Saturday, July 19, 2008

 

How the mighty are fallen

Thanks to Karate Kid (Best Kid to those of us who live in a country where Karate is no laughing matter), the Japanese suffix -san is known to all and sundry. Naturally, I heard no shortage of "Daniel-san" at secondary school and I can even boast a Coventry City shirt with the same printed on the back, courtesy of the SBA.

Less well known in the west are the other suffixes. Whilst -san is a nice generic marker (Mr/Mrs/Miss/Ms: delete as applicable), it would be the height of bad form to call someone a -san when their social rank demands otherwise. I caught Machida-sensei referring to me as Dan-san in front of the students once and I gave him A Look. After that, it was Dan-sensei all the way.

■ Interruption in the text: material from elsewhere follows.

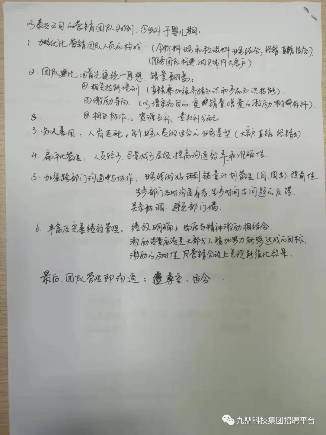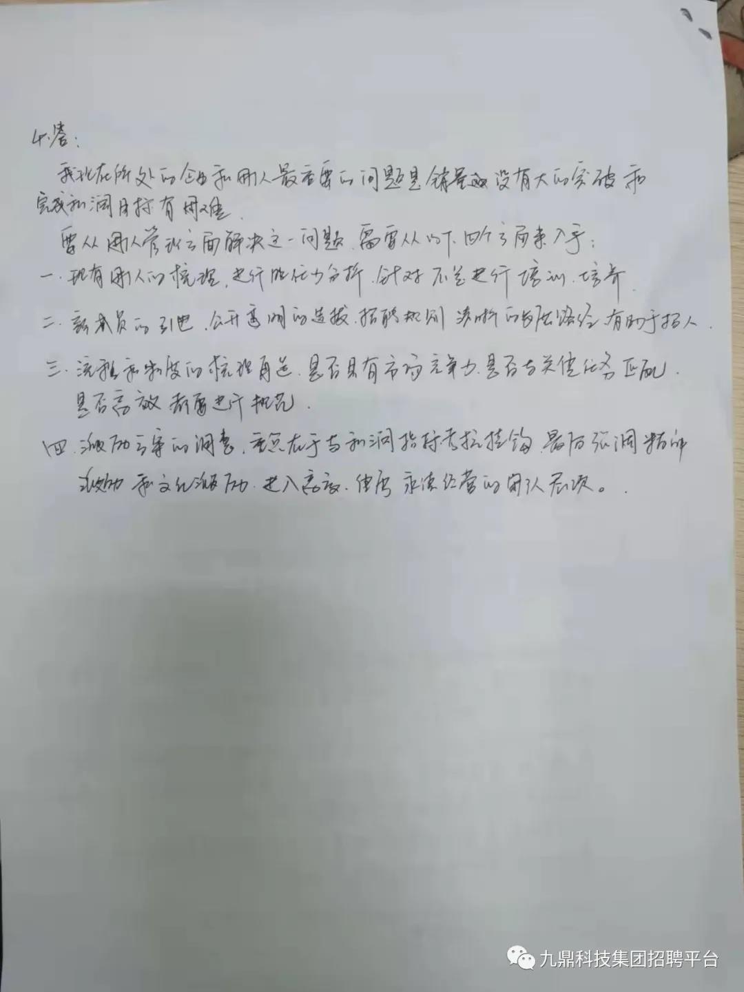 四天的培訓時間是短暫的,留給大家更多的是思考如何立足本職工作,做好2022年的工作計劃,在今后的工作中比學趕超,做出成績。 另外,九鼎集團中高管招聘工作還在繼續進行中,如果您有興趣歡迎自薦或者推薦身邊的優秀人員給我們。聯系方式可以投遞簡歷至文末招聘郵箱,或直接在本公眾號回復消息即可~~

Not that I consider myself a sensei, but the "give an inch, take a mile" rule is poignantly applicable in the case of junior high students, and it's a short step from the teachers calling me Dan-san to the third years calling me Dan-kun and owning me in the toilets.

At elementary school, I sidestepped the whole tortuous business by insisting that everyone just call me Dan.

Anyway, for those who can't resist a bit of schadenfraude, here's a nice few examples of suffixes relating to AVON'S erstwhile president Nozom Sahashi:

Sahashi-shachou
Sahashi-company-president: used in the newspapers until about November last year.

Sahashi-moto-shachou
Sahashi-ex-company-president, used after AVON's collapse, then followed by...

Sahashi-yougi-sha
Sahashi-suspect (lit: "suspicious person"), which really brightened up my day the first time I read it in the newspaper, but has since escalated to:

Sahashi-hikoku
Sahashi-defendant.

I look forward to the day when I can open up the Mainichi and see the kanji for Sahashi-jailbird.